Because the majority of respiratory illnesses are caused by viruses, doctors typically do not prescribe antibiotics for coughs. If your doctor suspects some kind of bacterial infection, he or she will probably prescribe antibiotics. Some coughing-related illnesses just need to run their course.
Unless your child’s cough is preventing sleep, cough medicines are usually unnecessary (and even for sleep purposes are not proven to work). If you do choose to use an over-the-counter (OTC) cough suppressant, consult the doctor to be sure that the dose is correct since all medications can have side effects and, in some cases, can even be dangerous for infants and young children.

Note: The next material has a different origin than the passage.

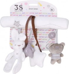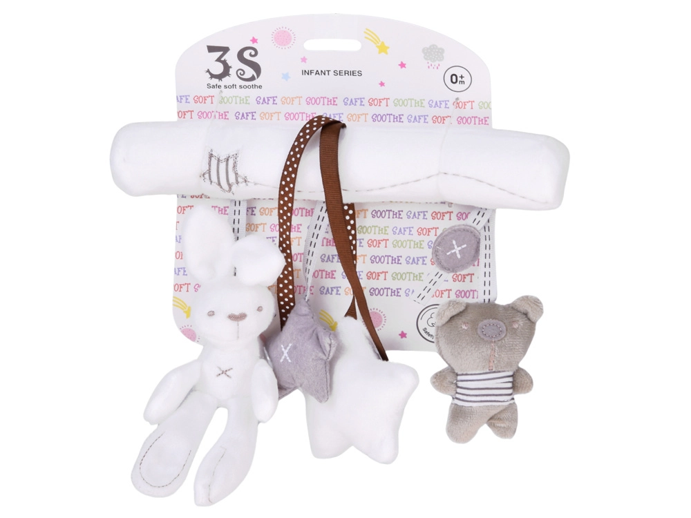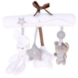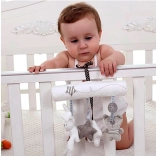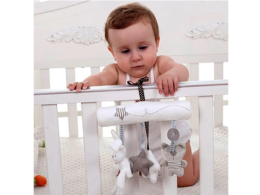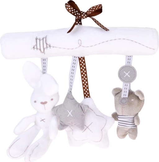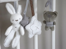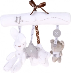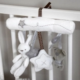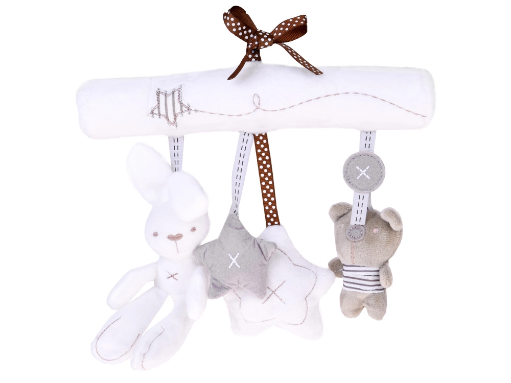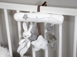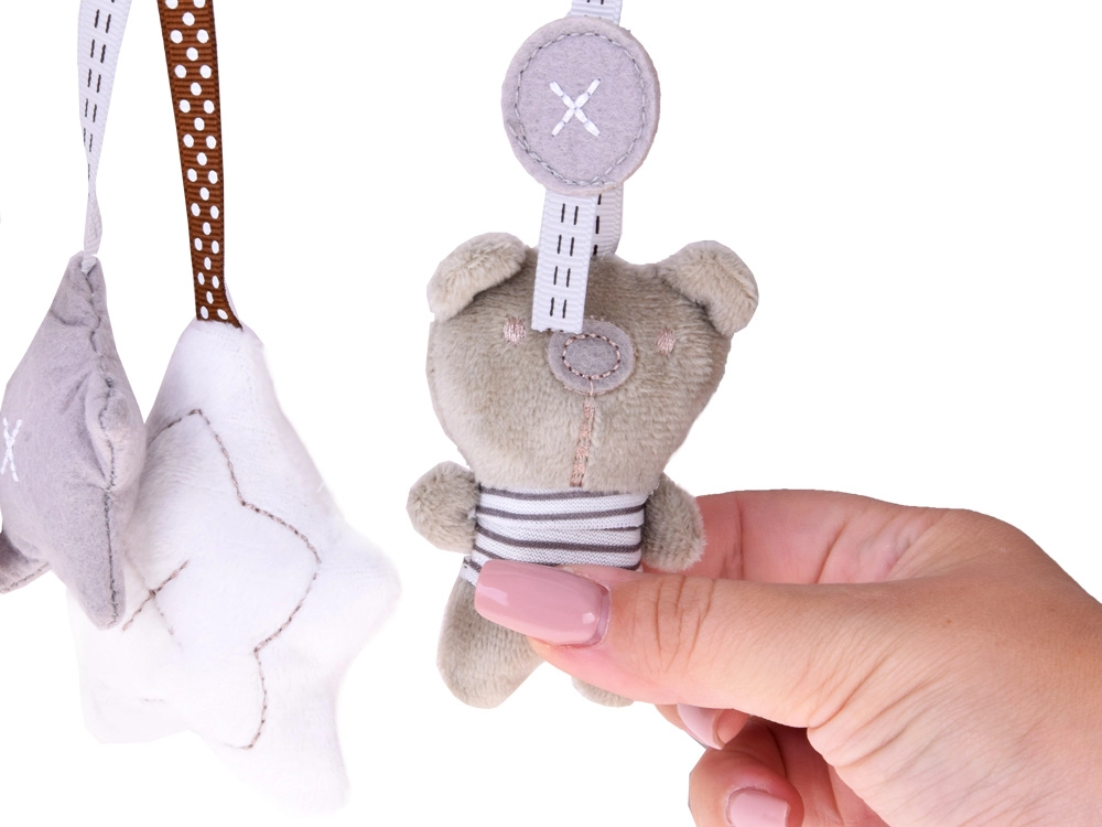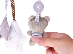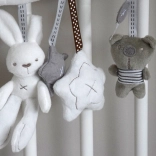 Adorable jouet suspendu aux couleurs neutres qui ravira bébé à la maison comme en déplacement. Il se fixe facilement au lit ou à la poussette à l’aide de rubans. Il offre un peluche douce et moelleuse, une stimulation sensorielle délicate et des sons amusants : en appuyant sur le ventre du lapin, une courte mélodie retentit, l’étoile blanche possède un pouet-pouet et l’ourson fonctionne comme un hoca.
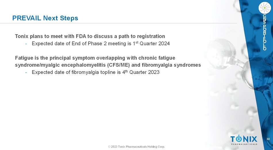 29 © 2023 Tonix Pharmaceuticals Holding Corp. C N S P O R T F O L I O PREVAIL Topline Results 1 TNX-102 SL showed a robust effect size of 0.5 in improving fatigue and showed consistent activity across secondary measures of sleep quality, cognitive function, disability and Patient Global Impression of Change, but did not meet the primary endpoint of multi-site pain reduction at week 14 - There is currently no drug approved to treat Long COVID TNX-102 SL was generally well tolerated with an adverse event (AE) profile comparable to prior studies with TNX-102 SL. - AE-related discontinuations were similar in drug and placebo arms. - No new safety signals were observed Findings fulfill the objectives of this proof-of-concept study, supporting the decision to advance the program based on a proposed primary endpoint using the PROMIS Fatigue scale - Fatigue is the signature symptom of Long COVID and it has been identified as the dominant symptom contributing to disability 2 - In both of our prior Phase 3 studies of TNX-102 SL 5.6 mg in fibromyalgia, we observed numerical improvement in the PROMIS fatigue score (in RELIEF p=0.007 MMRM and in RALLY p=0.007 MMRM) - Although the validity of PROMIS Fatigue is not yet established in Long COVID, we believe the results of PREVAIL, together with extensive data from studies in other chronic conditions 3-5 –including Tonix’sstudies in fibromyalgia –make PROMIS Fatigue a solid candidate for the primary endpoint of future Long COVID registrational studies. 1 Tonix Press Release, September 5, 2023 -https://bit.ly/3Z6FQHQ 2 Walker S, et al. BMJ Open 2023;13:e069217. doi:10.1136/ bmjopen-2022-069217 3 Cook, K.F., et al. 2016. Journal of Clinical Epidemiology, 73, 89-102 4 Cella, D., et al. 2016. Journal of Clinical Epidemiology, 73, 128–134 5 Lai, J.S., et al. 2011. Archives of Physical Medicine and Rehabilitation, 92(10 Supplement), S20-S27.

Home treatments should never take the place of consulting your child’s doctor for any of the conditions listed above, but there are several things you can do at home to make your child more comfortable.
- If your child has asthma, make sure you have received asthma-management instructions from your child’s doctor. Monitor your child’s progress carefully during a flare-up and give asthma medicines according to the doctor’s instructions.
- If your child wakes up with a “barky” or “croupy” cough in the middle of the night, take him or her into the bathroom, close the door, and let the shower run on hot for several minutes. After the room steams up, sit in the bathroom with your child for about 20 minutes. The steam should help your child breathe more easily. Try reading a book together to keep your child occupied.
- A cool-mist humidifier in your child’s room might help him or her sleep through the night.
- Cool beverages like juice can be soothing; avoid carbonated or citrus drinks, however, because carbonation and citric acid can be painful on raw areas.
- You should not give your child (especially a baby or toddler) OTC cough medicine, as there may be potential side effects from the medication with little or no relief of the cough.
- Cough drops, which are fine for older children, are a choking hazard for young children. It’s best to avoid them unless your child’s doctor says that they are safe to provide to your child.